When you understand that the value created for shareholders is intertwined with the value being created for all stakeholders, when you understand that shareholders’ profits are a function of the value being created for other stakeholders, then the actions of the very best corporate leaders suddenly make so much sense.

It isn’t enough to get a company through this crisis, as a leader you need to carry all of your stakeholders to the other side as well. But what’s wonderful is that those stakeholders, the employees, suppliers and customers, want to help. They need leadership. They crave someone to stand up and tell them what is going on, what we’re going to do about it, and how they can help. And when they understand that, they will move heaven and earth to help do their part to get to the other side of the crisis.

This is why Starbucks is paying all of their staff even if they don’t show up for work. This is why Home Depot is seeking to protect their most at-risk, older employees. This is why Netflix is setting aside $100 million to support the content creators whose work is at the core of Netflix’s value proposition. This is why Landstar Systems is paying truckers who are not even technically their employees if they get sick during this crisis. This is why Google is working on a range of ways to help from free Chromebooks for kids trying to do remote school to working with the government to trace who a COVID infected patient may have interacted with before realizing they were sick.

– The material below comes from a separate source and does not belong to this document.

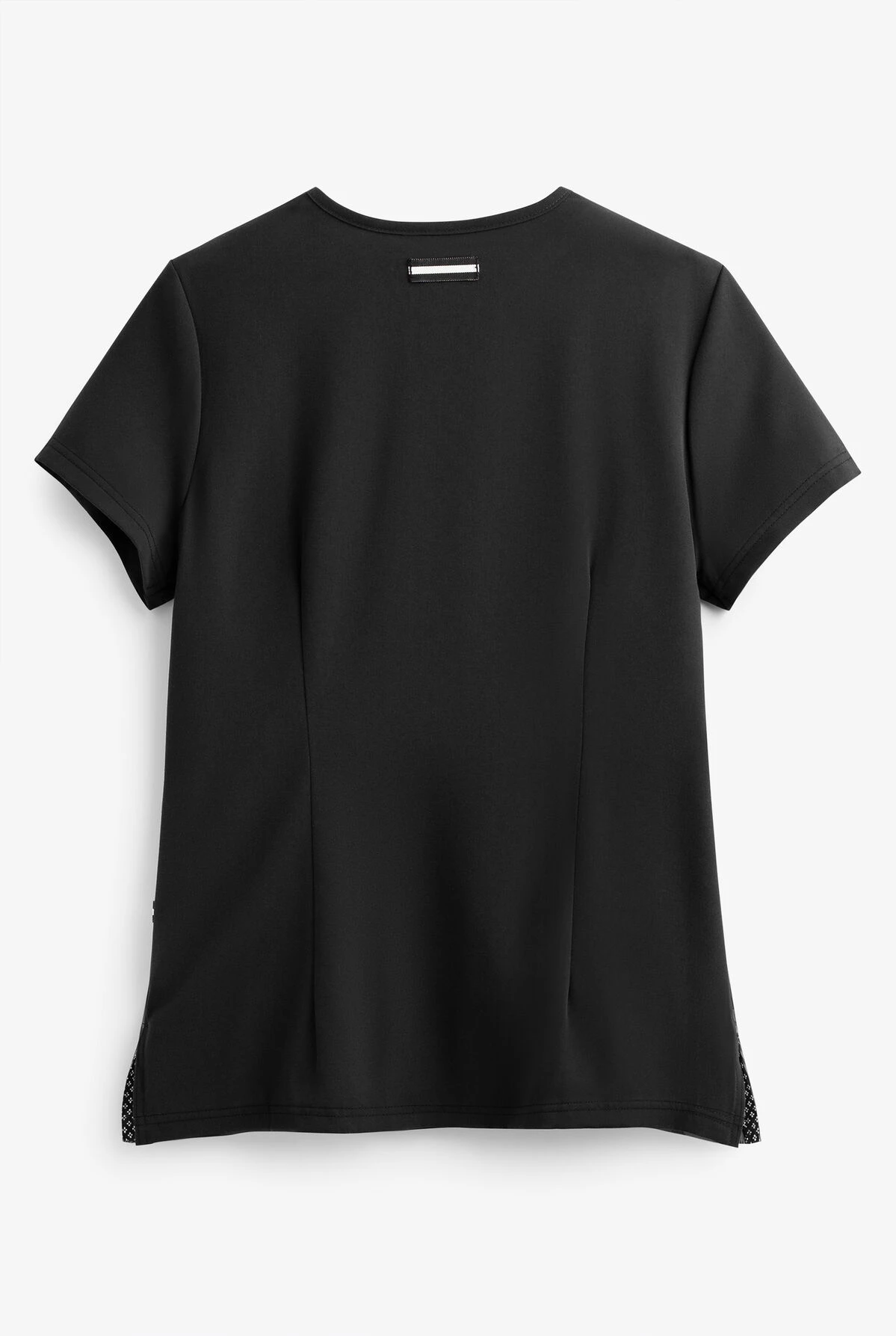 The koi Next Gen 1051-2 Better Than Ever Black V-Neck Print Scrub Top features a printed rib knit trimmed crossover V-neck, front shoulder yokes with a bungee ID loop on right, printed rib knit side front panels, side vents with foulard trim, back darts, black and white striped locker loop, and 3 pockets 2 front patch pockets with a printed snap closure slip pocket inside left. Fabric content is 73/22/5 poly/rayon/spandex, rib knit is 95/5 poly/spandex.

These actions are not just “nice”. They aren’t just “the right thing to do”. They are the actions of corporate leaders who understand that the value their company creates for shareholders is intrinsically tied up with the value created for and by all of the company’s stakeholders.

In every moment of crisis, certain people step up to lead. For the executive teams of public companies, these moments call on them to be brave, to be the leader their stakeholders so desperately need. These moments are painful, and stressful, and no matter how much they think they’ve prepared, each pass through the gauntlet will test them in ways they never expected.

But there is a pattern to how great leaders respond. They take responsibility, they are honest and empathetic, they promise to do everything in their power (and then some) to lead their stakeholders to the other side. And for their efforts, their stakeholders will step up and do their part (and then some).

Every crisis is unique. But the need for leadership when crisis strikes is not. In a 2002 Harvard Business Review article about leadership lessons from the days after 9/11, the ideas discussed are exactly the same as what needs to happen today.

“Suddenly, crisis management was every executive’s job… What I discovered is that, in a time of extreme crisis, internal communications take precedence. Before any other constructive action can take place—whether it’s serving customers or reassuring investors—the morale of employees must be rebuilt.

In periods of upheaval, workers want concrete evidence that top management views their distress as one of the company’s key concerns. Written statements have their place, but oral statements and the sound of an empathetic human voice communicate sincerity… In the words of Rob Densen, Oppenheimer’s Director of Corporate Affairs and a survivor of the 1993 bombing of the World Trade Center, most people engulfed in a crisis “want to be led and accordingly need to trust that you are going to lead them.”

A focus on work, in fact, can be enormously helpful to employees in a time of crisis. It provides an outlet for their desire to help, gets them back into a normal routine, fosters their pride in the company and what they do, and builds strong bonds between themselves and their customers, many of whom desperately need the company to keep their products and services flowing.”

As we’ve discussed, this particular crisis is unprecedented. But the key lessons from past crises can still guide corporate leaders on how they must react. It won’t be possible to thrive on the other side of this crisis, when weaker competitors have been hobbled and great companies will have enormous opportunities, unless on the other side of this crisis a company’s stakeholders are still intact and ready to help the organization execute.